The company will also put "a lot more rigor" in consumer research in a "quantitative or informal way," Caudill said.
In developing plans to enter new product markets, the company has already identified "growth areas" in its consumer, professional audio, and OEM speaker businesses "to leverage technologies in adjacent [product] markets," Caudill said.
Headphones will be one of the first categories into which D&M consumer will expand aggressively in North America, where it currently offers headphones only under the Denon brand. Digital media management is another potential area to enter, he said.
To facilitate expansion into new categories, management is letting employees know that "change is OK," particularly in thinking about new types of products, he said.
As part of that effort, the company must retain audio-industry talent but balance that with "individuals from outside who will bring a fresh way of thinking," Caudill said. For its new North American president, for example, Caudill is looking for an industry veteran with industry insights and knowledge, but the new North American marketing VP need not be from within the industry because disciplined marketing processes can be applied to multiple industries, he said.

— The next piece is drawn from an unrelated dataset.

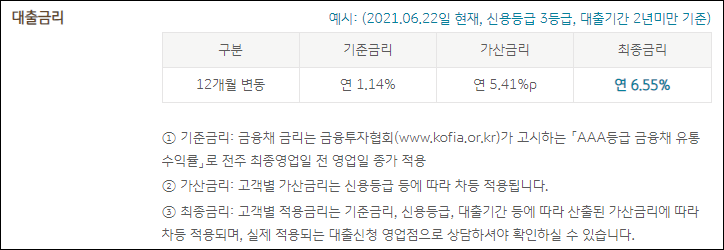 연간 6.55%의 금리가 적용될 수 있지만 신청시기 및 대출조건 등에 따라 실제 금리는 달라질 수 있으니 참고만 하시길 바랍니다.
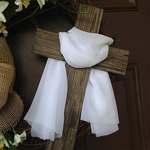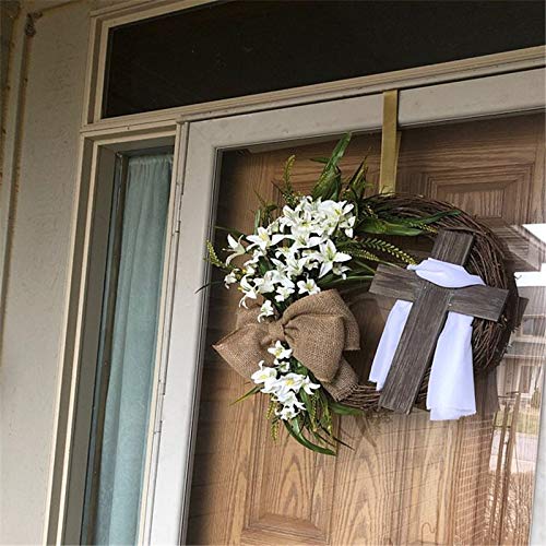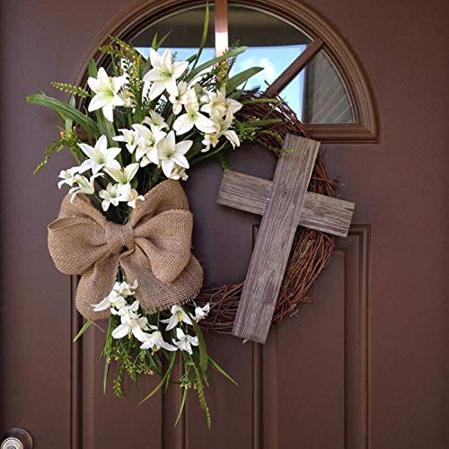 1.Beautiful Easter grapevine wreath with cream lilies, greenery and rustic burlap bow,accented with rustic cross and white veils over it.

As the company rolls out its new strategies, it does not plan big shifts in the distribution channels for the Denon, Marantz and Boston Acoustics brands, whose products are available through big-box retailers, the specialty and custom channel, and authorized Internet retailers, Caudill said
The benefits of the changes will take a little while to take hold, he admitted. It will take 12 to 18 months to see the first new products resulting from the new product-development strategy and 12 or more months for dealers to begin enjoying some of the benefits of supply-chain management improvements, he said.
In the next 12 months, he added, the company will announce new product categories, and "headphones will be among them."
The Bain Capital-owned company, incorporated in Japan, employs 2,500 people around the world. As a privately held company, it does not divulge sales statistics.